As simple as it sounds, end users just don't get it but vendors are there to make a profit. At the Gartner Symposium in Sydney last week, analyst Craig Baty said users are from Pluto and vendors are from Mercury.
"Mercury is a metal, not even a planet so they aren't even in the same solar system," Baty said.
"They both view the IT ecosystem very differently. Users think about their own environments, but vendors live in a much more complex world of shifting partnerships where they have to supply and meet a customer's needs."
Delivering seven tips on how to deal with vendors, Baty said both users and vendors have a very different world view but the end goal is the same. It is all about profits, so there really aren't any great discounts.
In a good climate, he said, customers will get a good deal on software licences, but vendors have to make up the difference somewhere.
"Sure you will get the discount, but then the vendor will put in onerous agreements to make up the difference by introducing some very complex maintenance clauses to cover their costs," Baty said.

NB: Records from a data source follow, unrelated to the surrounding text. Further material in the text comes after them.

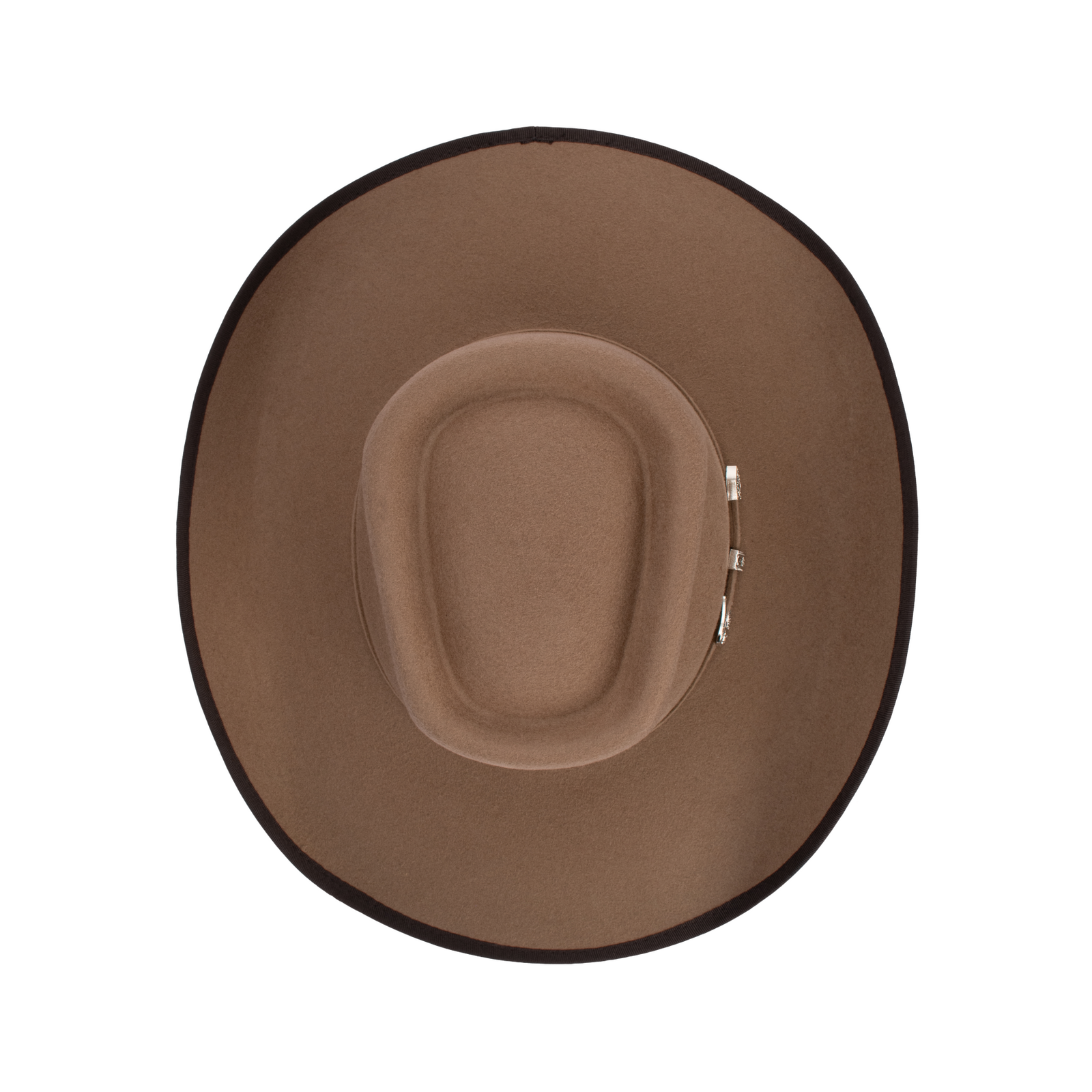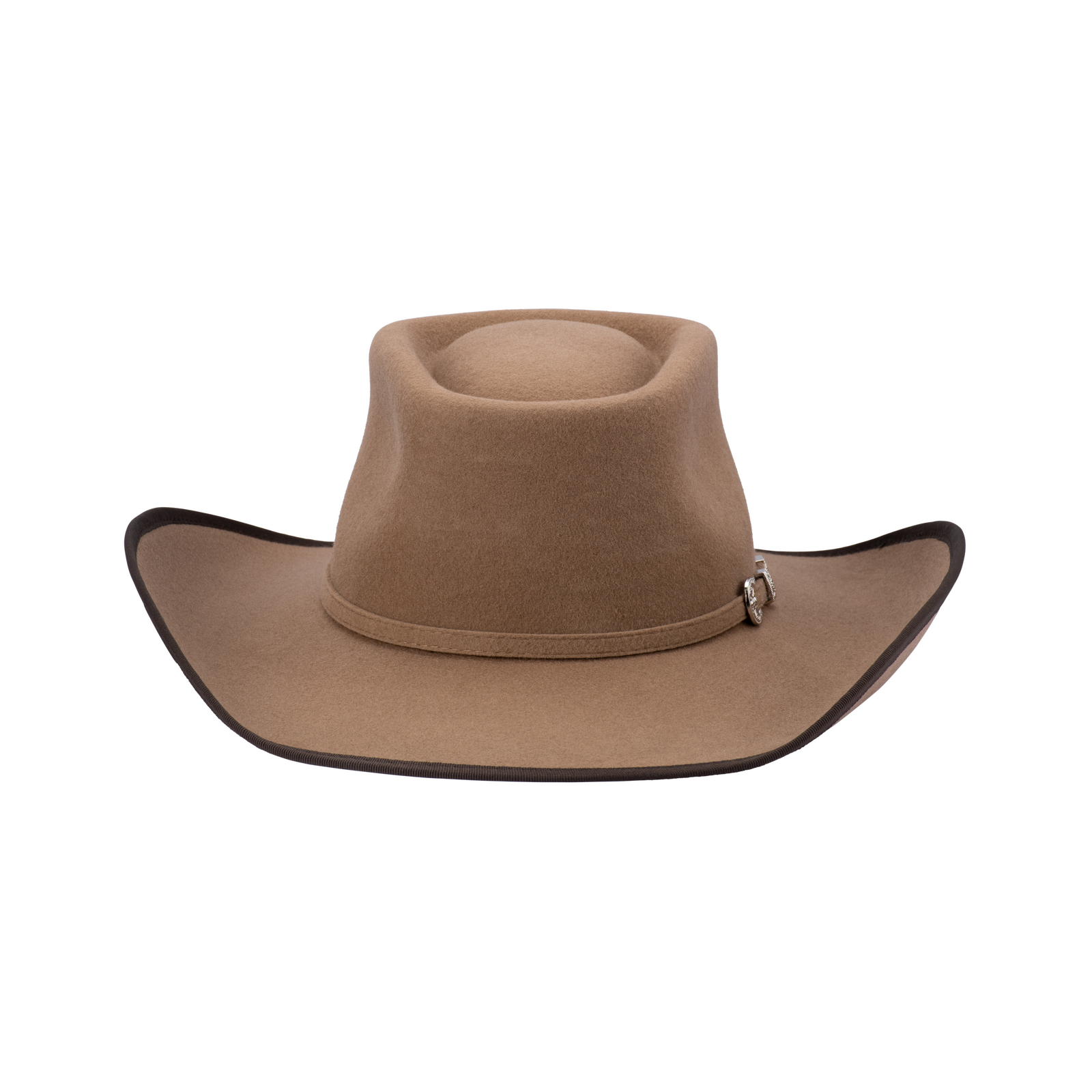 Avenel sources Australian wool felt for their Billabong Hat, a fibre that is resilient and naturally water-repellent. The felting process involves matting and pressing wool fibres together with the application of heat and moisture until a strong felt emerges. Craftspeople then mould that felt over hat blocks to create the crown shape and brim profile. The edge is them trimmed and bound, and the sweatband and miniature western belt hat band are fitted. The end result is a robust, softly textured hat that holds shape, yet offers comfort and durability.
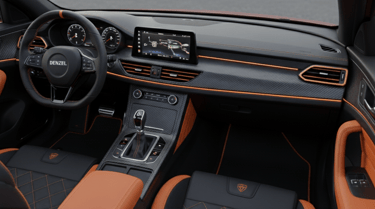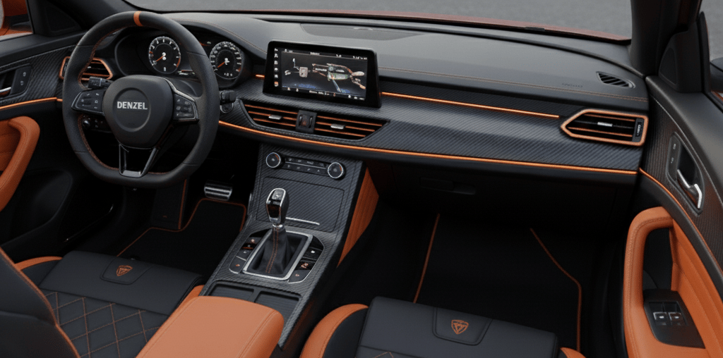 Couro natural, fibra de carbono e luzes que respiram o ritmo do motorista.
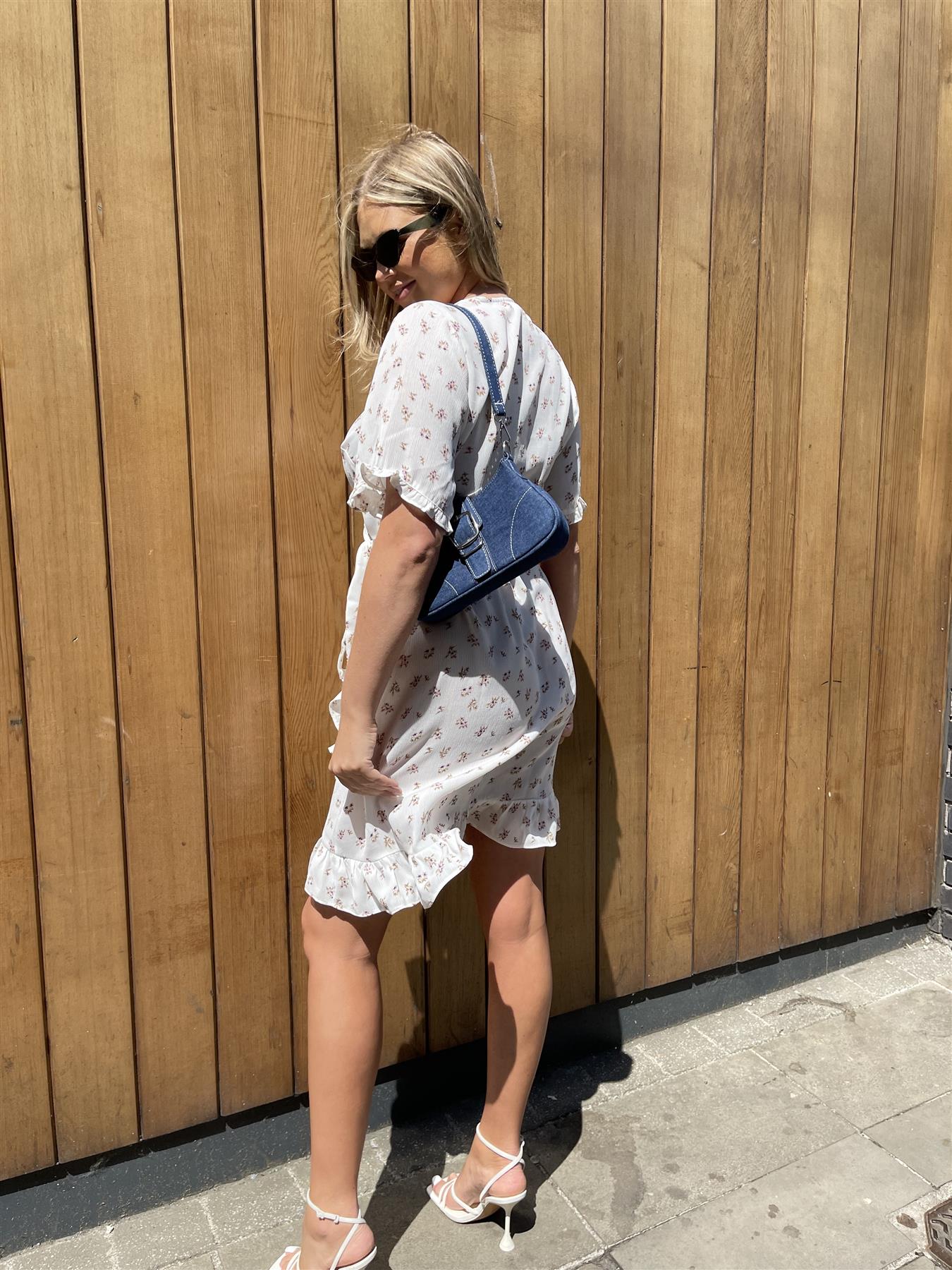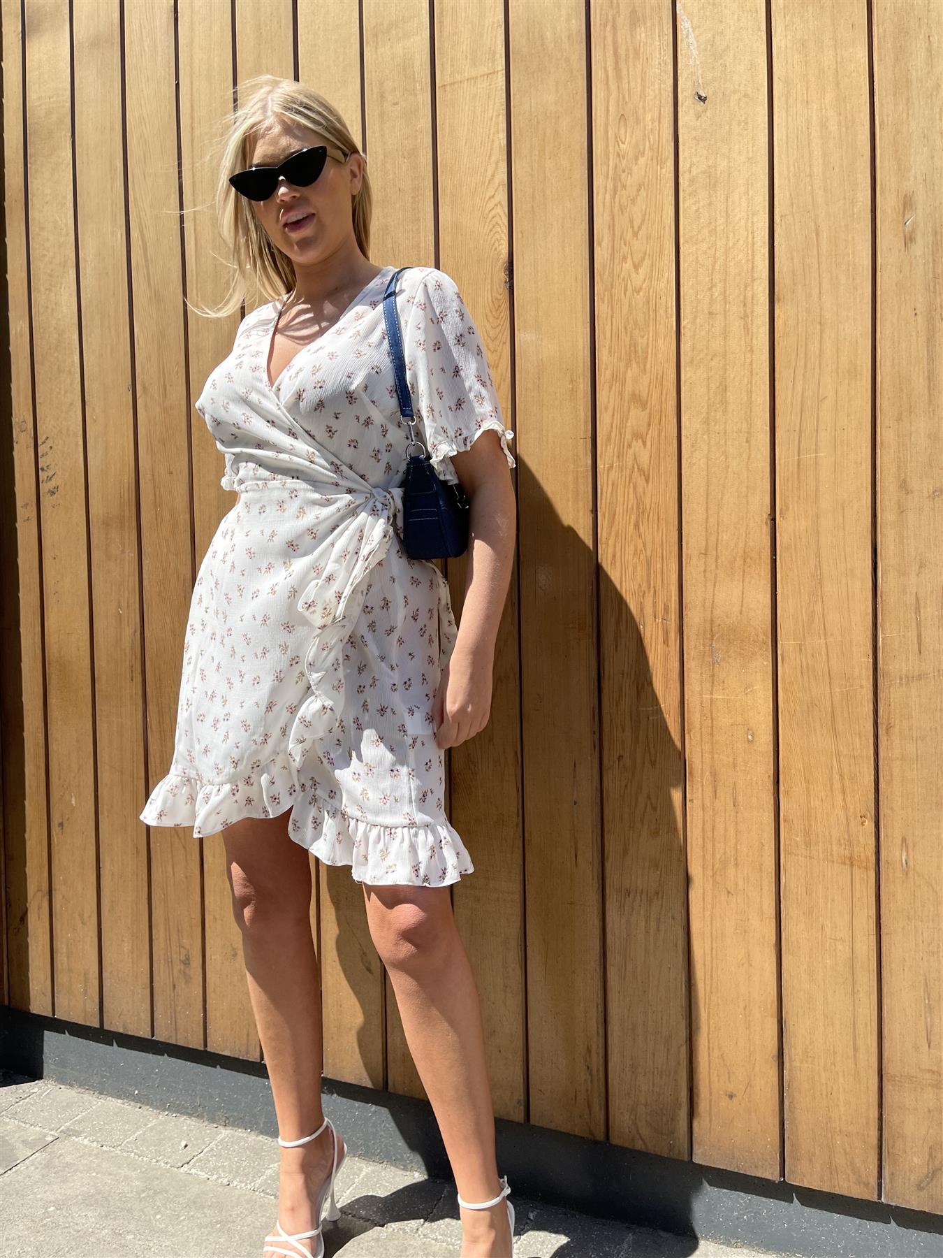 Glamorous Curve Women's Green-Pink Ditsy Wrap Ruffle Mini-Dress. Introducing the perfect addition to your summer wardrobe - the Green-Pink Ditsy Wrap Ruffle Mini-Dress! This dress features a classic wrap silhouette that flatters any body type, with a fun and flirty ruffle hem and sleeves. Its mini length is perfect for showing off your legs and keeping you cool in the heat. Don't miss out on this must-have piece!
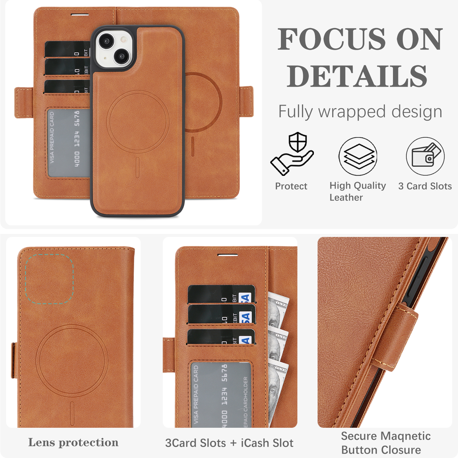 - Premium Magnetic System Both the phone case and wallet feature high-performance N52 ring magnets, ensuring a secure connection and easy detachment when needed.
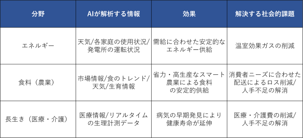3つの分野について、AIが解析する情報とその効果、解決する社会的課題をまとめました。
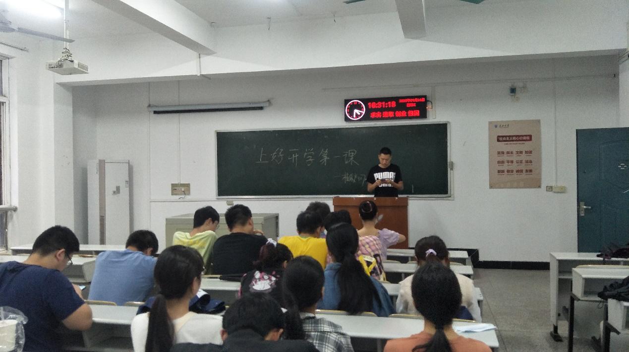 植保产31701在教室开展了本月团日活动,主持人讲到:“8月17日,中华全国青年联合会第十三届委员会全体会议、中华全国员工联合会第二十七次代表大会在京开幕。习近平总书记发来贺信向全国各族各界青年和青年员工、向广大海外中华青年致以诚挚的问候。”
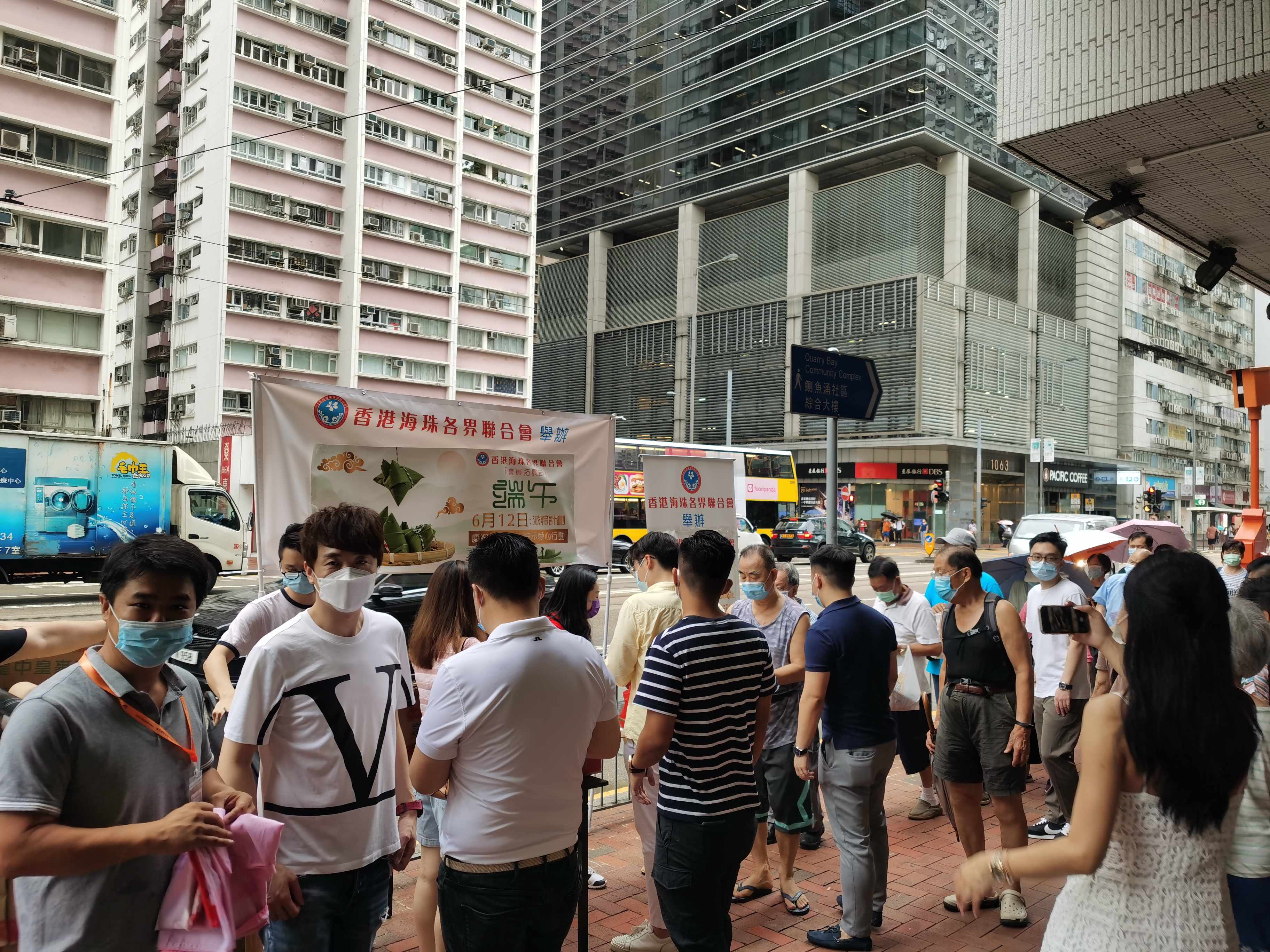 香港海珠各界聯合會主席馮翠屏表示,龍舟端午節是中國人的傳統節日,亦是鍛煉一班青年幹事的好機會。是次活動的義工以青年會員為主,她看到大家全情投入,感到十分高興,並認為他們能夠從中學習如何與社區共融,團隊協作。為方便會員及街坊領取,該會於東區多個地點分時段派發,上午派發地點為北角渣華道,鰂魚涌英皇道;下午三點派發地點在西灣河興東村,西灣河興民街。會員憑會員證及禮物信件每人可領取防疫口罩糉子兩隻禮品一份。街坊每人則有口罩一包,蛋黃鹹肉糭二只。
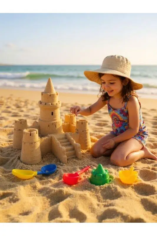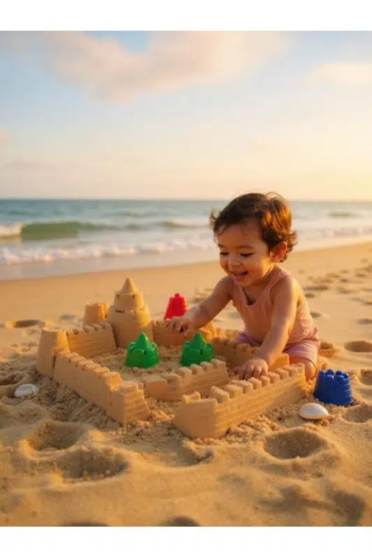 Bu-Bu Oyun Kumu Büyük Havuzlu Kale Kalıplar Seti, çocuklara hayal güçlerini kullanarak kendi krallıklarını kurma fırsatı sunuyor.
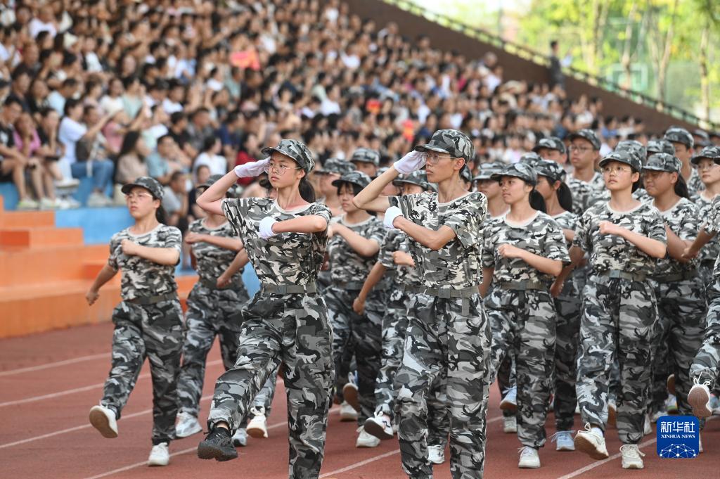 8月30日,四川省內江市第六中學新生在參加隊列會操。
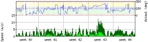 Der untere Teil des Graphen zeigt in hellgrün die mittlere Windgeschwindigkeit, die Spitzengeschwindigkeit ist dunkelgrün dargestellt, die zugehörige Skala findet sich am linken Rand. Der obere Teil des Graphen zeigt das Wind-Azimut in blau, die Skala steht am rechten Rand. |
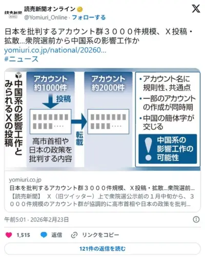 【X】高市首相や日本を批判するアカウント群3000件規模、投稿・拡散…衆院選前から中国系の影響工作か
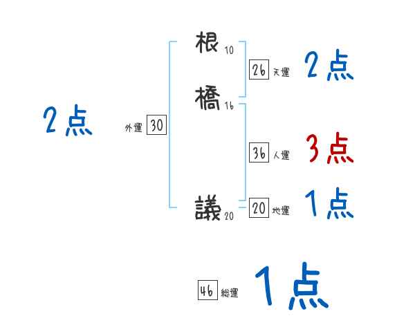 外運![]() | 根橋議さんの外運は30画の2つ星!浮き沈みの激しさに注意しましょう。 生活面を象徴する運勢です。外部から受ける影響力を表し、結婚運、家庭運や職場、環境への順応性を表します。 |
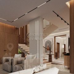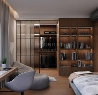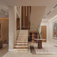 1 ЭТАЖ: гараж на 2 авто с хоз/помещением и котельной, прихожая, проходная гардеробная, холл, кухня с кладовой-столовая-гостиная с выходом на патио и террасу, гостевая спальня с санузлом, комната для персонала (или вторая спальня), санузел.
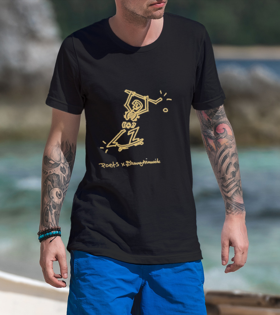 The Poets X Danny Minnick Skateboard Skeleton Gold Print T-shirt is designed for everyday wear and a consistent fit. Fabric is pre-shrunk ring-spun cotton with durable stitching. See the size chart below for exact measurements.
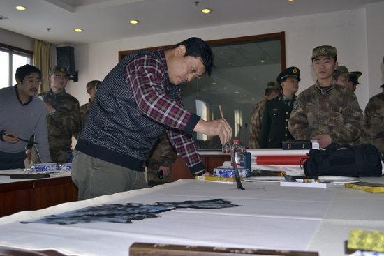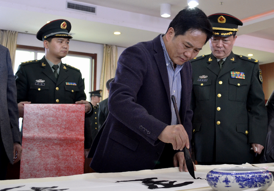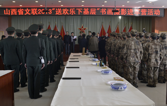 新春的腳步聲清晰可聞,濃濃的年味兒撲面而來。2月6日(農歷臘月二十六),由山西省政協常委、省文聯黨組書記、省書協副主席張根虎帶隊,山西省文聯、山西大眾書畫院與山西省書法家協會、山西省美術家協會、山西省攝影家協會組成的“送歡樂下基層書畫攝影進軍營”慰問團一行30人,帶著黨和政府的溫暖來到太原市國防教育訓練中心進行慰問和文化服務,為這里的官兵們送上一份豐富的節日文化大餐,受到廣大官兵的熱烈歡迎。
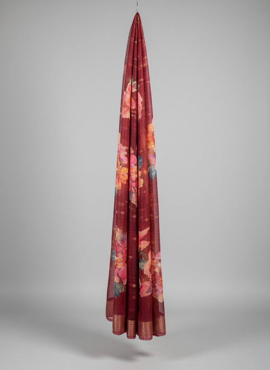 Three piece Red wine kurta set, Ideal for casual wear. light weight and elegant stitched embroidery design on neck, cuff and hem with floral design print on dupatta.
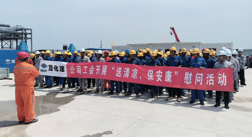 8月2日,受公司工會委托,公司安全生產(chǎn)管理部與華北公司在廣西桐昆項目開展“工會送清涼,防暑保安康”慰問活動,為一線職工送去涼茶、鹽汽水、清涼日用品等防暑降溫禮包。慰問組深入各施工班組,與職工親切交談,詳細(xì)了解他們的作息時間和防暑措施,宣傳高溫作業(yè)及中暑應(yīng)急預(yù)案等相關(guān)知識,叮囑大家在堅守崗位的同時務(wù)必注意勞逸結(jié)合,確保安全健康作業(yè)。
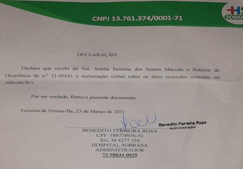 A nossa redação ainda, entrou em contato com o Sr. Benedito Ferreira Rosa, administrador do Hospital Sobrasa, que relatou ter tomado conhecimento da situação, e que já teria acionado o departamento jurídico da unidade de saúde, e dentro em breve será emitida uma nota pública pelo hospital.

"Make sure you get them to map out any discounts, don't fall for any arbitrary models. They are not trying to rip you off, but they have to make a profit." Put simply, users want agility as the business changes while vendors want predictable returns.
Baty said customers need to understand the vendor's business model, his first tip was to allow the vendor to make enough money. He also suggests finding the right balance between trust and control so that long-term deals are based on solid relationships.
Also, when putting out a tender make sure it is attractive to a broad range of vendors and includes the incumbent.
"Vendor relationships are like marriages; once you are married you must keep talking and communicating," Baty said.
"Often you find out more about the vendors you are not using, because they are pitching for business, than you do about your current supplier. "Keep up the dinners, the dialogue and get to know people behind the scenes; keep the marriage working."
Baty said it's important to involve the vendor in planning cycles.
"Create an opportunity for the vendor to be dependent on you. They love reference sites so volunteer to become one as this is worth gold," he said.
"They are not going to let you down once you're a reference site, they will make sure you are looked after."
Dealing successfully with vendors:
- Allow the vendor to make enough money.
- Understand the vendor's business model
- Balance trust and control.
- Agree in advance what 'successful installation,delivery and service' looks like.
- Understand the vendor's request for proposal (RFP) process.
- Establish strong communication protocols.
- Involve the vendor in your planning cycles and business review.